Digital teams have done some great work often in difficult circumstances. Yet none of these changes happened overnight.
Many took years of hard work, the backing and repeated interventions of committed politicians, and dogged persistence.
Background
When the UK’s tax agency first let citizens file their tax over the internet in 2001, there were just 38,000 returns.
In 2023, there were 11.5 million. However, this impressive growth also illustrates the lack of a more radical digital transformation: the “increasingly complex tax system burdens government and business with billions in admin costs.” Every year, millions of people are forced to go online to fill in electronic versions of paper forms. A truly transformed public sector would eliminate form-filling, not suck ever more people into the system.

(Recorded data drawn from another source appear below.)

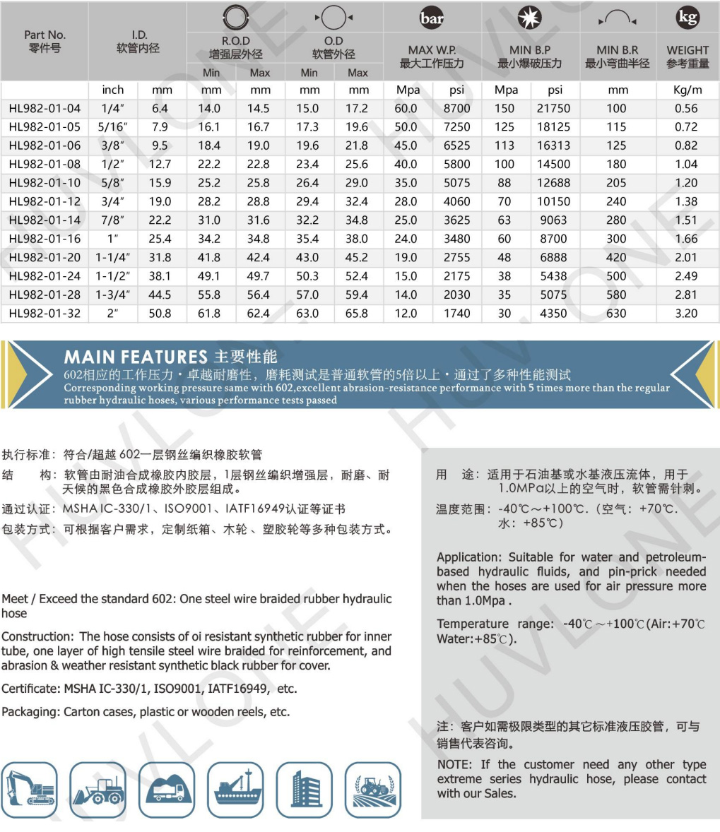 Meet/Exceed the standard 602:One steel wire braided rubber hydraulic hose with abrasion-resistance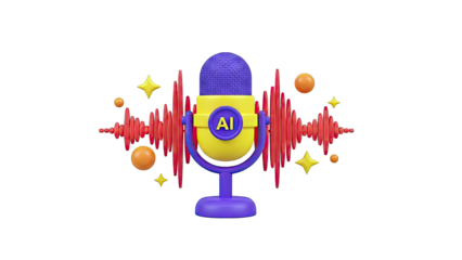 AI Microphone with Sound Waves and Abstract Elements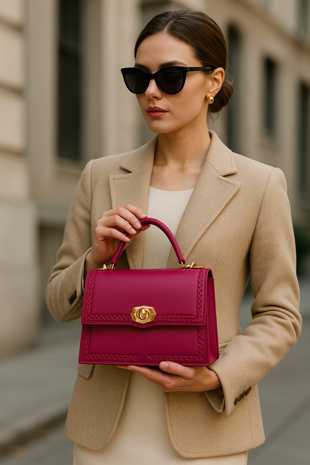 Nuanta intensa de fuchsia transforma aceasta geanta intr-o adevarata declaratie de stil. Designul este structurat, solid si pastreaza forma impecabila in timp. Accentele aurii adauga un aer sofisticat, potrivit atat pentru tinutele de zi, cat si pentru evenimente speciale. Este o alegere ideala pentru femeile care doresc sa iasa in evidenta prin bun gust si originalitate.

Sometimes government use of technology also heralds something darker: digital welfare systems that breach the rule of law; public agencies trawling citizens’ bank accounts without their consent; CCTV cameras recording our every movement; citizens demoted to second class status as “digital by default” interactions take priority over all other channels; national identity systems that intrude into citizens’ lives and disadvantage the most vulnerable; authoritarian regimes tracking and repressing political dissidents.
The vision versus the reality
Excited by visions of a more open and participative democracy, by the late 1990s the UK government saw how technology could:
“Facilitate fundamental changes in the relationships between the citizen and the state, and between nation states, with implications for the democratic process and structures of government.”
By 2002, the UK government was busy consulting on ways:
“To promote, strengthen and enhance our democratic structures … [and] to give individuals more choice about how they can participate in the political process.”
The ambition was not only to reverse the decline in citizen engagement, but also to fix the dysfunctional (and sometimes tragic) outcomes created by siloed, department-centred policymaking. Government aspired to deliver a more modern model of democracy, with cross-cutting policies, routine citizen engagement, streamlined processes, and better political transparency and accountability.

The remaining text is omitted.